Microsoft have announced their biggest update to Live Search since its debut. Unfortunately whilst everyone seems to be talking about it, noone is raving about it; whilst it is accepted as an important piece of news, noone seems to think it is a particularly exciting bit of news. The general belief seems to be that the search wars are over (at least in the U.S. and the U.K) and that Google has won. Personally I live in the hope that the existing players manage to take back some of Google’s excessive portion of the search market, and that there will be serious new entrants in the market.

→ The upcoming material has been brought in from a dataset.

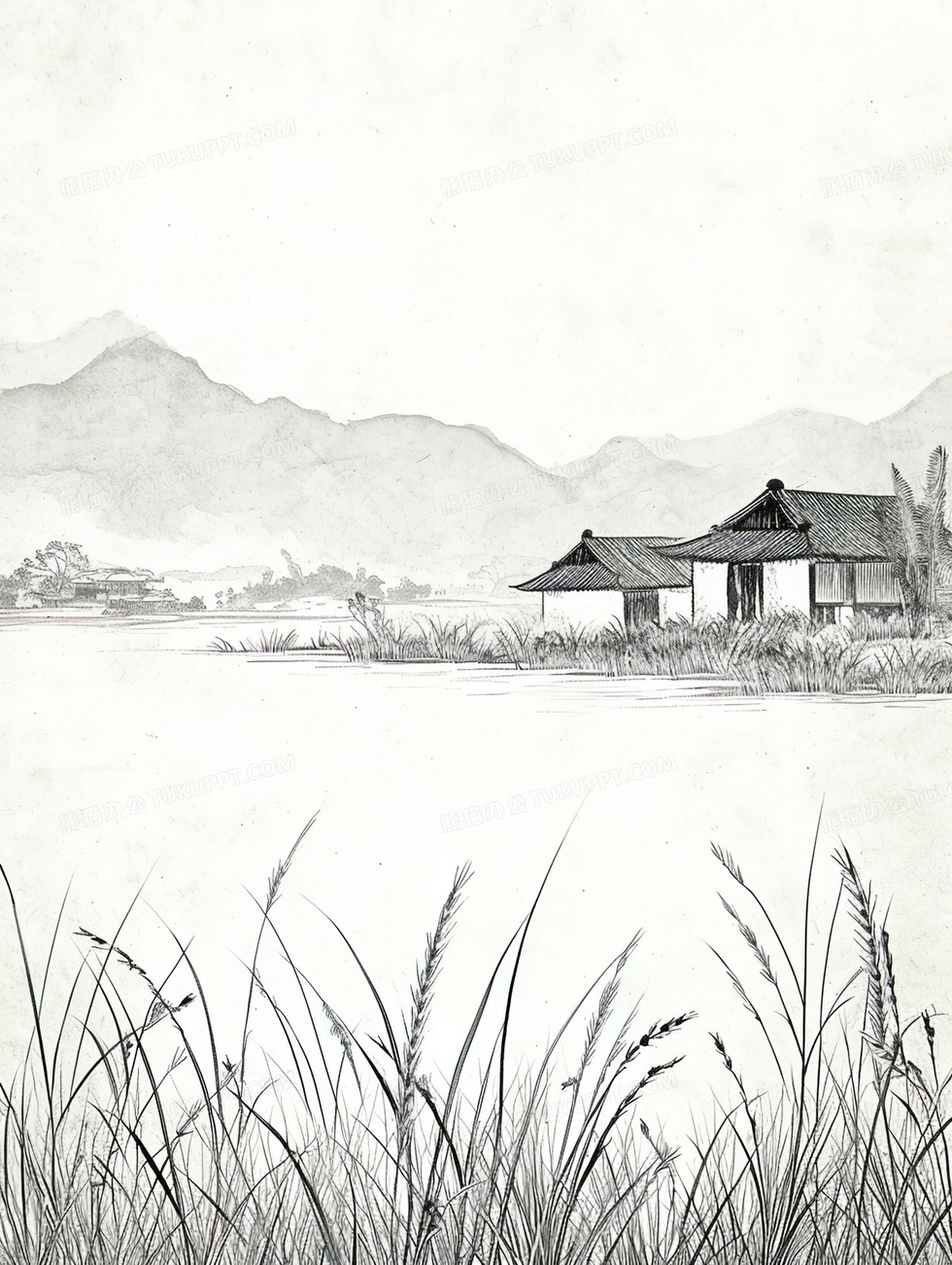 本作品内容为中国传统乡村山水插画, 格式为 jpg, 大小3 MB, 图片尺寸为1856 x 2464, 源文件无水印, 欢迎使用熊猫办公。 如认为平台内容涉嫌侵权,可通过邮件:tousu@tukuppt.com提出书面通知,我们将及时处理。

I hate the fact that Google currently deals with over 60% of all searches, and feel ashamed every time I find myself typing in ‘www.google.com’ in a zombie-like trance; no single organisation should have such powerful influence over access to information on the web. When Google entered the search market they raised the bar of expections for search engines, and as yet (many year later) the other search engines have failed to succesfully reply. That is not to say they won’t, but rather that it is going to take something truely new and innovative. The new search engines at the moment seem to just be rehashing old ideas, with some being a repackaging of a directory and others going for the conversational English that failed in the original Ask Jeeves.
As more users start creating on the web, rather than just consuming, there are many new sources of information for a search engine to tap into; rich, formated information. The successful search engines are likely to be those that find the best ways of making use of this new information.